I picked up one of these that needs some work. Missing a few parts but looks to be a low hour unit. Looking on line there just is not much info about the Titan generators. Anyone have experience with these? Good or bad, just looking for some input. Thanks.


----------



## Handyhiker (Sep 29, 2016)

Had a chance to work on the Titan a little bit. Very confused at the findings. 
1 - The paint on the top of the unit is faded some. There is no doubt it has sat out in the weather for some time. 
2 - The fuel gauge is bad and let water into the fuel tank. The bottom is rusty but not real bad. 
3 - Removed the generator end cover and all the windings and internal parts look new. No dirt or dust at all. 
4 - The spark plug is new, never been in a running engine. 
5 - There are no gaskets on the carburetor or adapter plate. The air filter housing is off and the filter element is missing along with mounting bolts and nuts.
6 - There is no oil in the crankcase. 
7 - Removed the valve cover and there is no oil in the head and it all looks new.

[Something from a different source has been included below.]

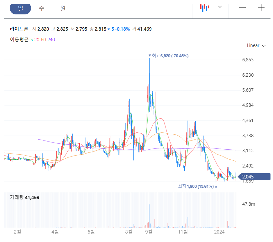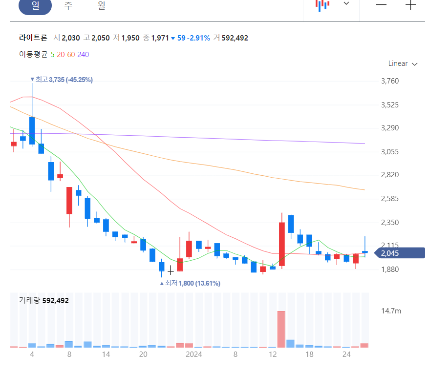 라이트론의 주가 역시 계속 하향세를 보여주다 23년 12월 1,800원까지 떨어졌었던 주가가 24년 1월 15일에 24.6%의 상승을 기록하며 2,345원까지 올랐었습니다.

Like it has never ran. 
8 - The choke vaccum pull off is locked up and won't move. 
9 - The screen tower on the fuel tank valve is gone and the valve is full of junk from the tank. 
10 - There is a T style plug in the generator end with 2 yellow wires that has no place to plug into. There were 2 wires taped in it and run through the vents in the end cover but go nowhere. 
11 - One wire by the low oil senser is unplugged without anything to plug into. 
12 - Pull rope looks new. 
13 - Muffler is missing. 
14 - Fuel tank mounting bolts are missing.
15 - I did check for spark with the plug removed and laying on the engine and it does have it.
These are a few of the findings. This is why it leaves me scratching my head. There is no doubt it has sat outside for some time in the weather. Run time seems like zero. Parts are missing. I just don't know what to make of these findings.


----------



## Handyhiker (Sep 29, 2016)

I did figure out that a capacitor is supposed to plug into the T plug under the generator cover, have to get one ordered as soon as I figure out what one Is needed. I did order some other parts for it.Hope to get it running and check it out from there.


----------



## Handyhiker (Sep 29, 2016)

After looking and playing with the generator, I decided to take the plunge and placed an order for the missing - bad parts. I might be just pissing away a few bucks but have to give it a shot. All the parts ordered are only $70 plus oil and fuel so had to try. The fuel gauge and valve I was able to steal out of an old fuel tank that was cracked. Wait and see when they come and go from there. Fingers crossed.


----------



## thehandyman1957 (Feb 11, 2017)

Everybody's got to have a hobby right? LOL This one will require some love. : )


----------